Exercise.
Look below for the line with "AUTOARAVANA PERFILADA, AÑO"; begin the copy there and stop after the line with "Альстромерии, Кустовые розы, Лизиантусы, Пионовидные", keeping the text exact and the pictures out.

Records shown.
★ ★ ★ ★ ★ ★ ★

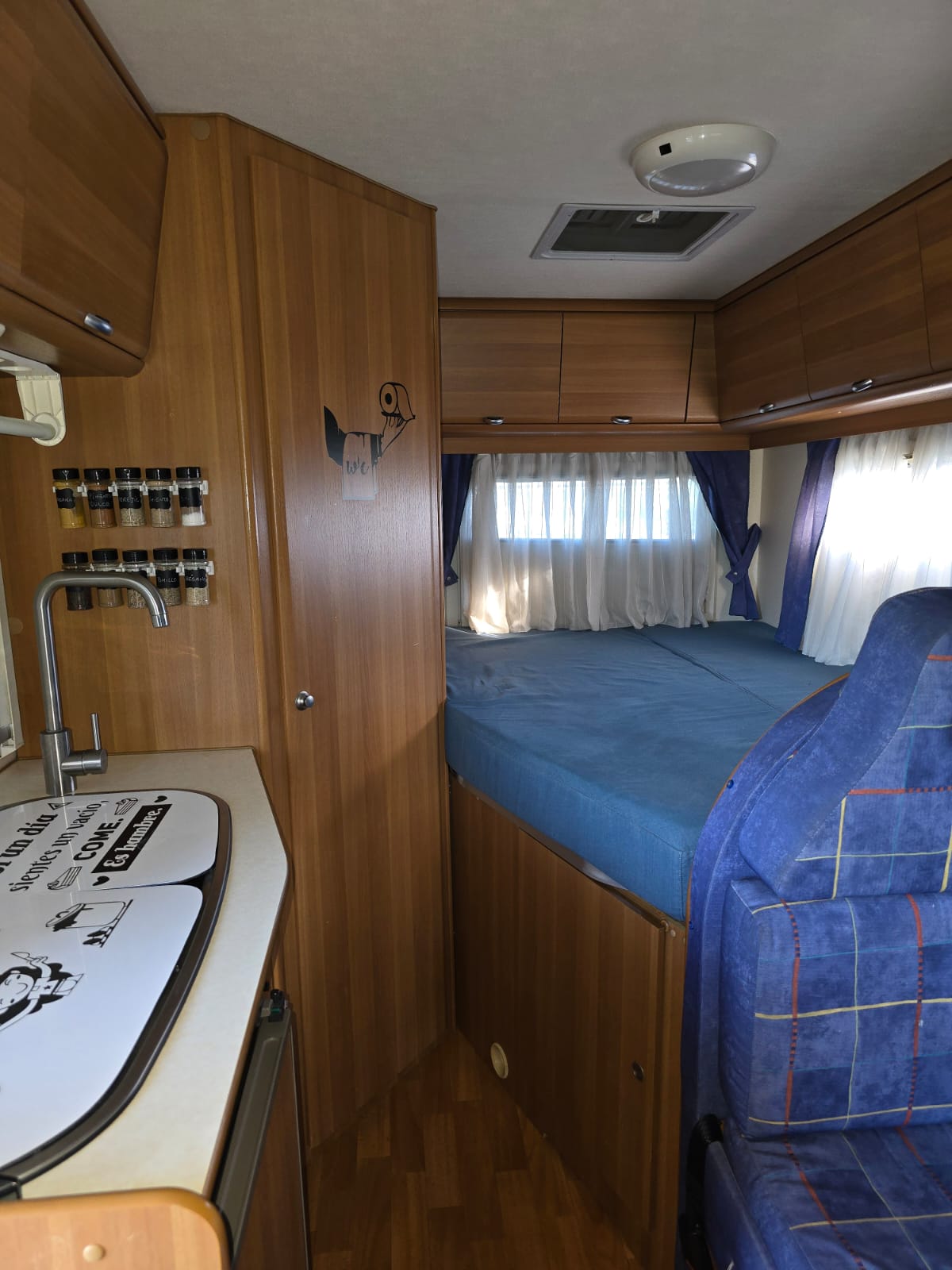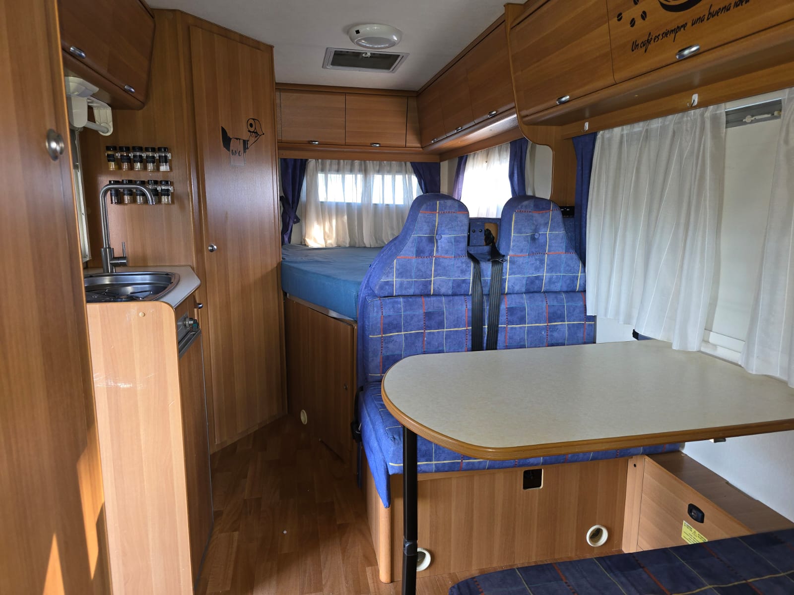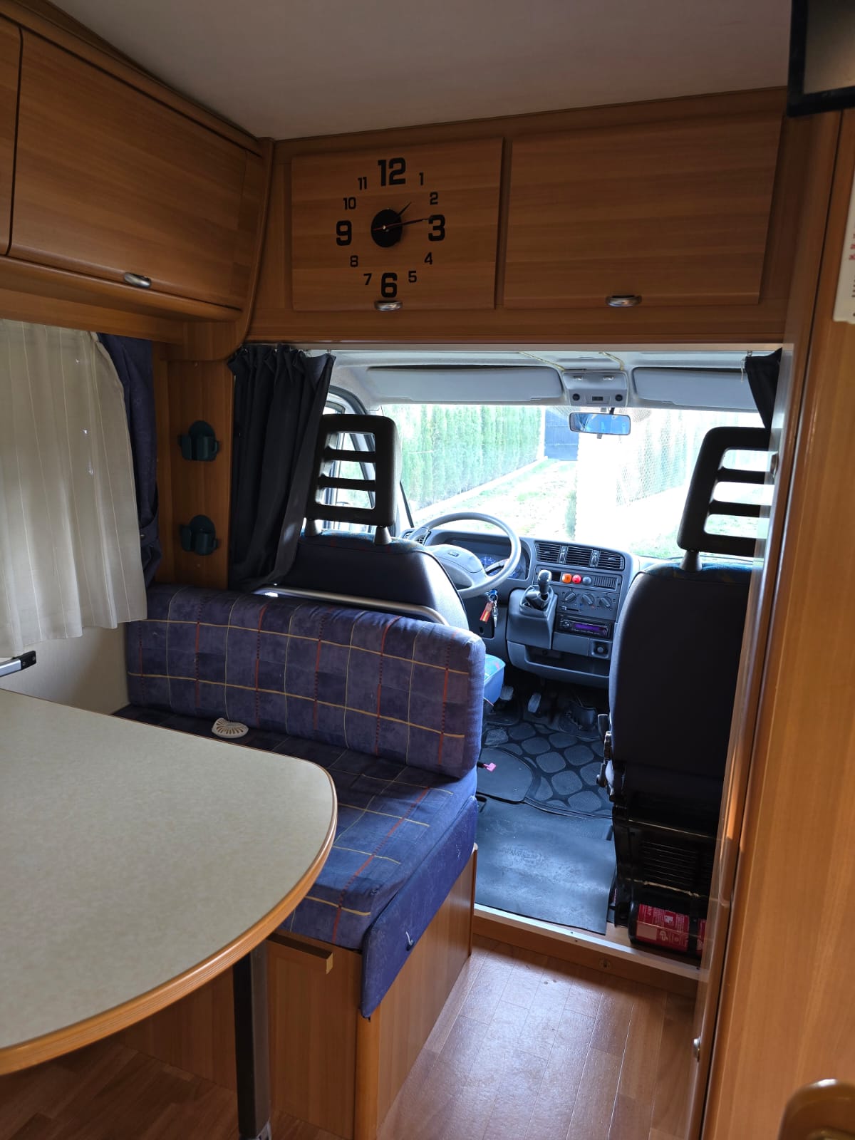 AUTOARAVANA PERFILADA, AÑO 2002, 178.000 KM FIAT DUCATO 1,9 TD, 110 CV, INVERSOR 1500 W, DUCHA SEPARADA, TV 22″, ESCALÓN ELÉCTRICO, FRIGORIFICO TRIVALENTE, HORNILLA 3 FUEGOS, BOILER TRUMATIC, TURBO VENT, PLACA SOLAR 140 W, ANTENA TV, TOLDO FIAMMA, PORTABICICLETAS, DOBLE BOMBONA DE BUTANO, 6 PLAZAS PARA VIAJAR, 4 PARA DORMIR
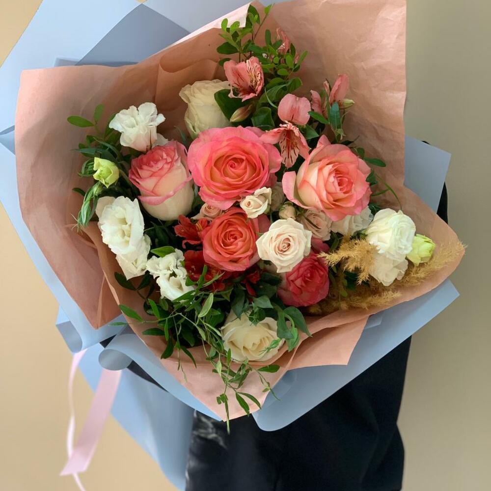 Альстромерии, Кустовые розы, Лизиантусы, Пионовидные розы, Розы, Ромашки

★ ★ ★ ★ ★ ★ ★

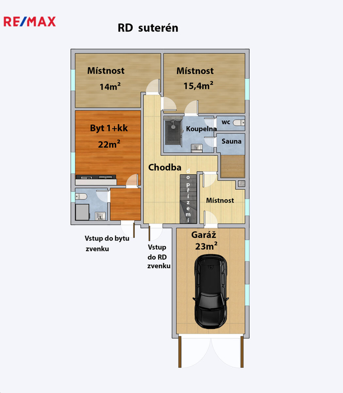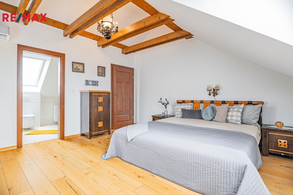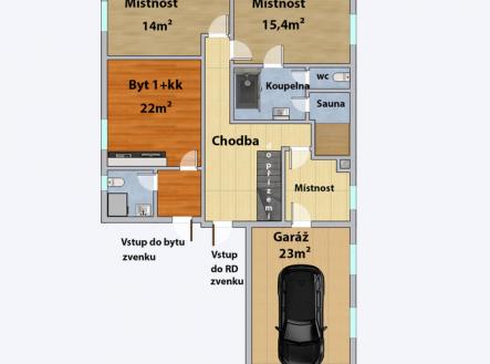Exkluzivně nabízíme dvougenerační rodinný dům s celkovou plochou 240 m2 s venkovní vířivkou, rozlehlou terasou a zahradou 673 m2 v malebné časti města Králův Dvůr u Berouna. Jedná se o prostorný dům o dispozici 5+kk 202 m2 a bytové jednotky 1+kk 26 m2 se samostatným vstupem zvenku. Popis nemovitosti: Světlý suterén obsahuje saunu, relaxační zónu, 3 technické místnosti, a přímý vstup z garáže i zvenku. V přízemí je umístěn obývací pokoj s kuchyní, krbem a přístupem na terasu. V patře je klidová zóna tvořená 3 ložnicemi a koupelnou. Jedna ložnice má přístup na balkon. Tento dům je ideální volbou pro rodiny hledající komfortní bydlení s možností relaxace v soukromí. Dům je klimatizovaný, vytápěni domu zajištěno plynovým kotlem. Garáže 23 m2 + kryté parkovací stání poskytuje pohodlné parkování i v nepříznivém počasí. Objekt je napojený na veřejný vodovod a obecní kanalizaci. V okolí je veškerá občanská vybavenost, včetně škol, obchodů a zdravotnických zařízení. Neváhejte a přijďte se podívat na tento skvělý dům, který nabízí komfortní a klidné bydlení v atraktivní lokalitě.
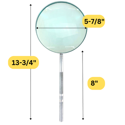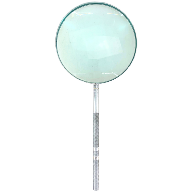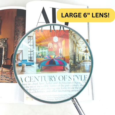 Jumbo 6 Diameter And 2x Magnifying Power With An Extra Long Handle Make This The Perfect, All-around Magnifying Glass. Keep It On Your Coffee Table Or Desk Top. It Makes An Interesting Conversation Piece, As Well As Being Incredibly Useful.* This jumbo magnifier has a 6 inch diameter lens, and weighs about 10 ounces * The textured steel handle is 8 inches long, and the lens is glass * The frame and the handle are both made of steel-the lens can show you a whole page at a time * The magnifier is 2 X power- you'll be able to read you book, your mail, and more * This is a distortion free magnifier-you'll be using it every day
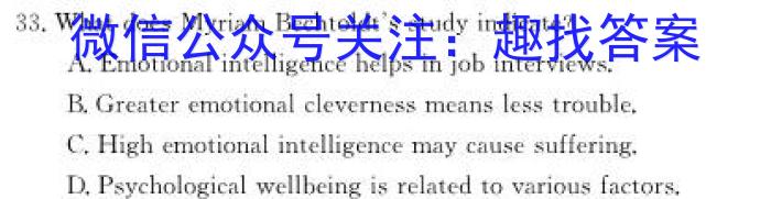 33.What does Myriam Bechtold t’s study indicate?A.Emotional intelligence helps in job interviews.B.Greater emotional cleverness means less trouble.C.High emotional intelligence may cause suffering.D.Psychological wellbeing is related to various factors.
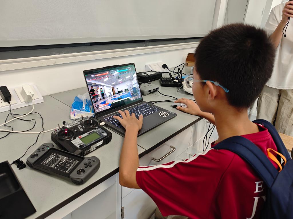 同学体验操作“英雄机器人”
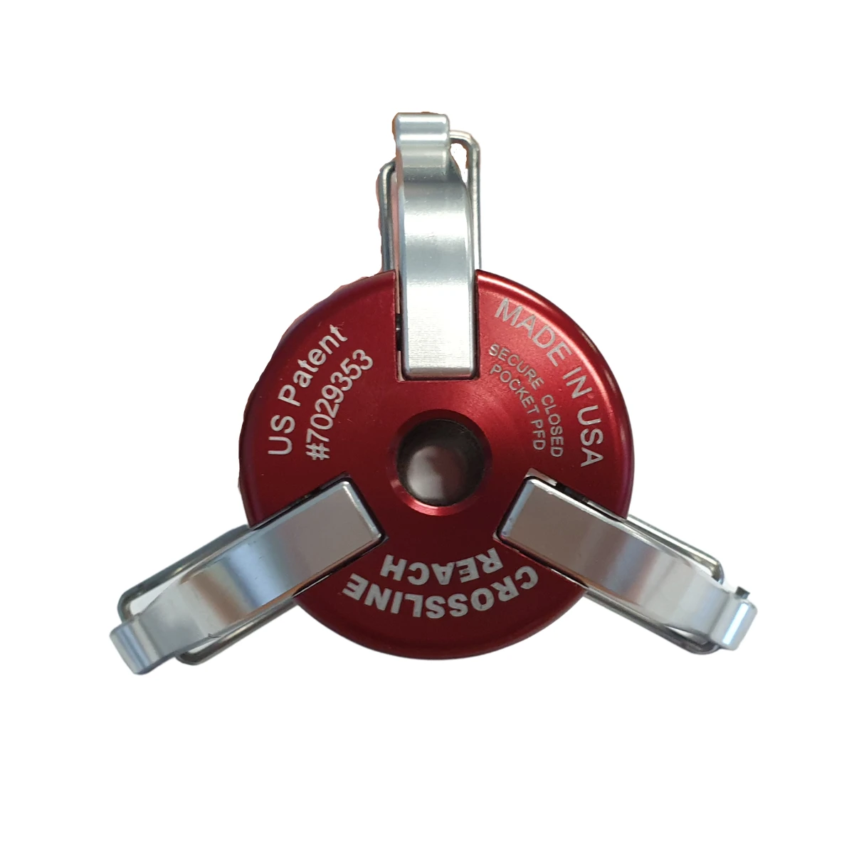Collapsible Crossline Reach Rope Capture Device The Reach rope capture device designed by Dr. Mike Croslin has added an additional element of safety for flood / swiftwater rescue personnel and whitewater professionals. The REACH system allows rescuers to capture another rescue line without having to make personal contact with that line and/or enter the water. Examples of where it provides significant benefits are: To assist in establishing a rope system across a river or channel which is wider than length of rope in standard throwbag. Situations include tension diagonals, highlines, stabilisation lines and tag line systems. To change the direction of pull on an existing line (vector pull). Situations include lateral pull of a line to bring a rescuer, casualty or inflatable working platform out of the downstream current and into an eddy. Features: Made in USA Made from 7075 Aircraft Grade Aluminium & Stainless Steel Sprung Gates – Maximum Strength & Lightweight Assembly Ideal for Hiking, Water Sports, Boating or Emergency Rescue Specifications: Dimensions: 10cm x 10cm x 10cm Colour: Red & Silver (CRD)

★ ★ ★ ★ ★ ★ ★

Task solution.
 AUTOARAVANA PERFILADA, AÑO 2002, 178.000 KM FIAT DUCATO 1,9 TD, 110 CV, INVERSOR 1500 W, DUCHA SEPARADA, TV 22″, ESCALÓN ELÉCTRICO, FRIGORIFICO TRIVALENTE, HORNILLA 3 FUEGOS, BOILER TRUMATIC, TURBO VENT, PLACA SOLAR 140 W, ANTENA TV, TOLDO FIAMMA, PORTABICICLETAS, DOBLE BOMBONA DE BUTANO, 6 PLAZAS PARA VIAJAR, 4 PARA DORMIR
 Альстромерии, Кустовые розы, Лизиантусы, Пионовидные розы, Розы, Ромашки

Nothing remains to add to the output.